“Wonder Woman 1984” isn’t skipping theaters or moving to 2021, but it is altering course. The last big blockbuster holdout of 2020 is still opening in U.S. theaters on Christmas Day but it will also be made available to HBO Max subscribers free of charge for its first month, Warner Bros. said Wednesday.
The film will also debut in international theaters on Dec. 16.
“As we navigate these unprecedented times, we’ve had to be innovative in keeping our businesses moving forward while continuing to super-serve our fans,” said Ann Sarnoff, Chair and CEO of WarnerMedia Studios and Networks Group in a statement.
After the first month for free on HBO Max, “Wonder Woman 1984” will play in theaters for an additional few weeks before being made available for rental on demand.
It is an unprecedented strategy for a film of its size, but a sign of the extraordinary measures that many Hollywood studios have had to resort to in the COVID 19-era.
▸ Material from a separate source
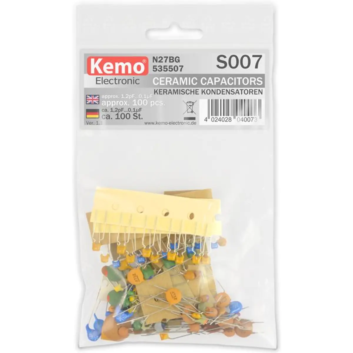 Kemo S007 - Kit de 100 condensadores cerâmicos
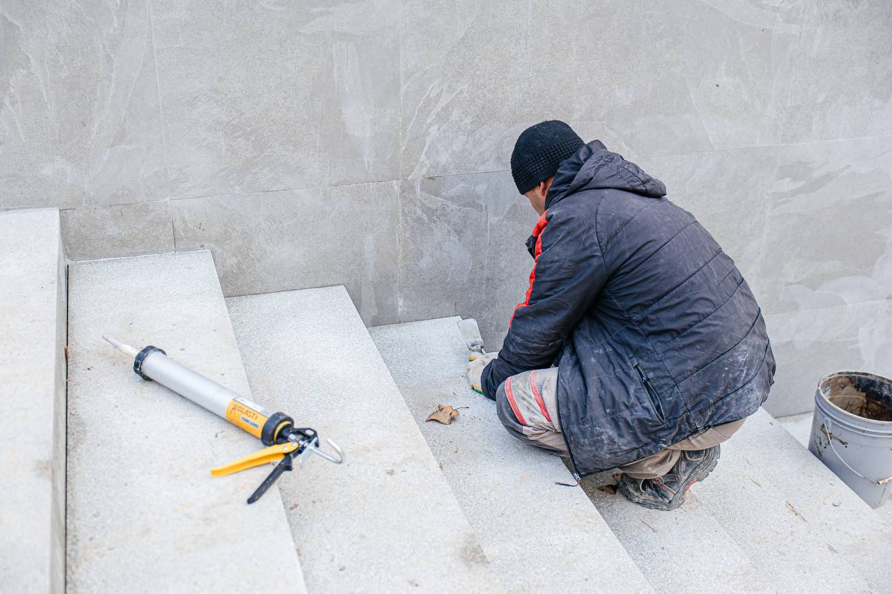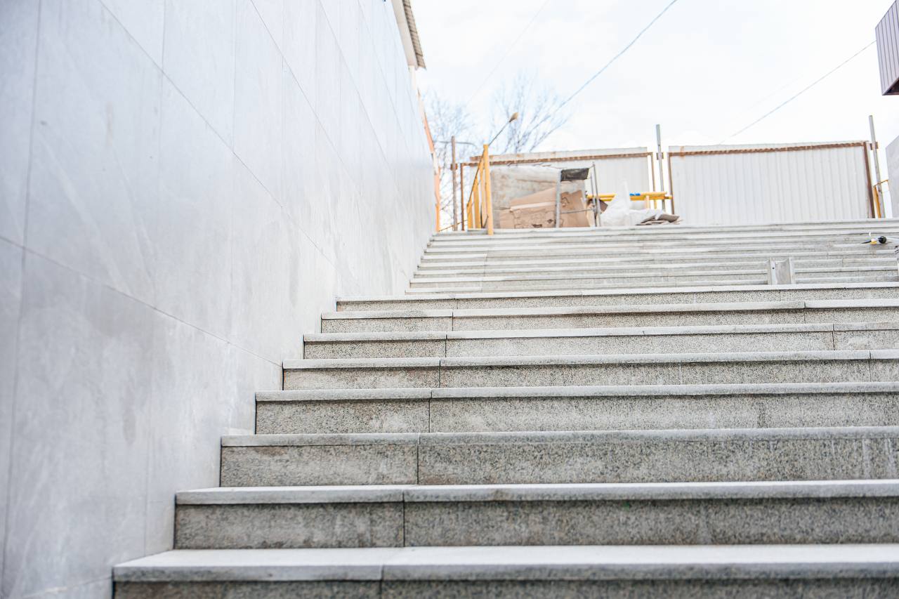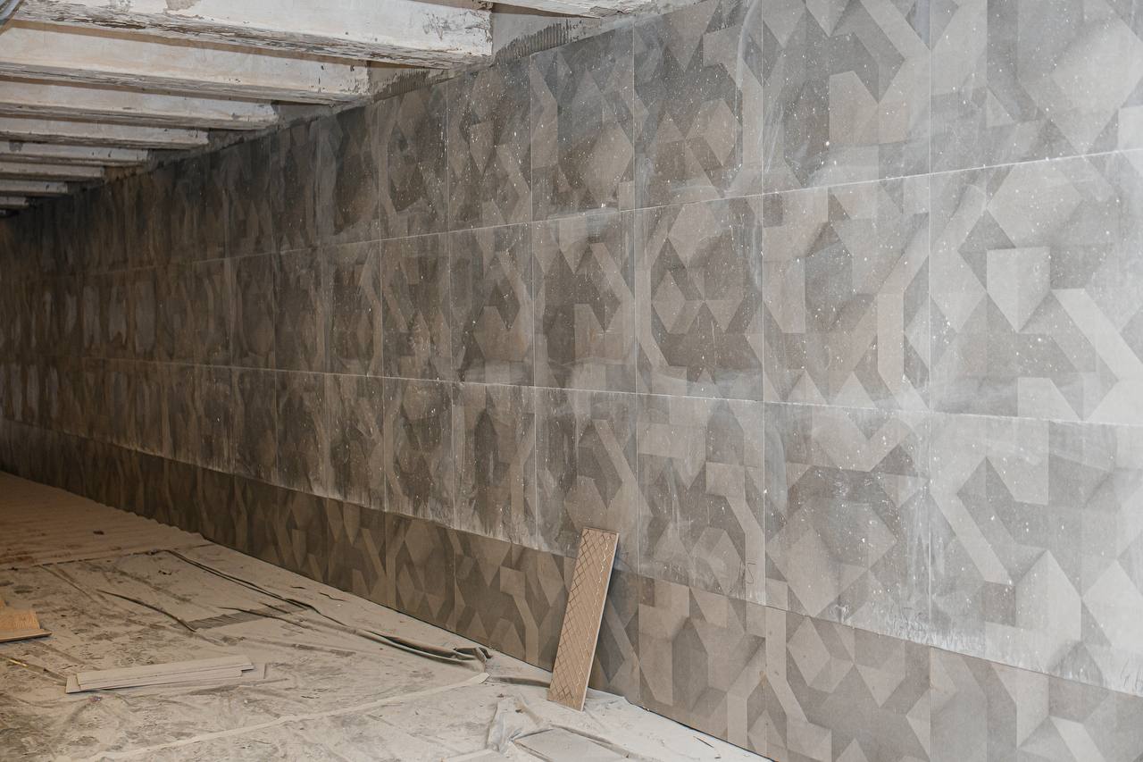 За несколько месяцев здесь проделали большую работу. Восстановлены подпорные стены, отремонтированы ступени, обновлены сети дождевой канализации. Сейчас мастера облицовывают входные группы гранитом и внутренние стены керамогранитом. Уже начали укладывать топпинговый пол – прочное, современное покрытие, которое выдержит большие нагрузки и прослужит долгие годы. После этого установят подвесной потолок.

Most major films that had been set for 2020 have either delayed theatrical releases until 2021 or sent them to streaming platforms for a premium rental price, as the Walt Disney Co. did with “Mulan.”
Audiences have not been going back to the theaters in significant numbers since they began to reopen across the country in late August. Warner Bros. tested the waters early with Christopher Nolan’s “Tenet,” which was the first big movie to open in theaters after six months of being closed, but it didn’t do pre-pandemic numbers in the U.S., where theaters were still closed in major markets like Los Angeles and New York. Competitors took note. Most studios decided at that point to push their biggest films, from the James Bond film “No Time to Die” to “West Side Story” and “Black Widow,” to next year. Warner Bros. also sent its next big film, “The Witches” straight to HBO Max, which parent company Warner Media launched earlier this year.
Although new films are being released weekly in theaters where open, exhibitors are struggling and have been desperate for government assistance and a steady stream of blockbusters to populate their screens.
“Wonder Woman 1984” is a major tentpole for Warner Bros. The first film made over $821 million globally in 2017 and this sequel which brings back director Patty Jenkins and star Gal Gadot has been hotly anticipated, not only by fans, but by theaters owners too. Recent spikes in the coronavirus across the country have prompted some areas to close indoor theaters again.
Jenkins wrote about the decision on Twitter.
“At some point you have to choose to share any love and joy you have to give, over everything else,” she wrote. “We love our movie as we love our fans, so we truly hope that our film brings a little bit of joy and reprieve to you all this holiday season.”
Warner Media CEO Jason Killar said that they will be measuring the performance of the film in “an entirely new way.”
“A little over four million fans in the U.S. enjoyed the first Wonder Woman movie on its opening day in 2017. Is it possible for that to happen again this Christmas with Wonder Woman 1984 between theaters and HBO Max?” Killar wrote Wednesday. “We are so excited to find out, doing everything in our power to provide the power of choice to fans.”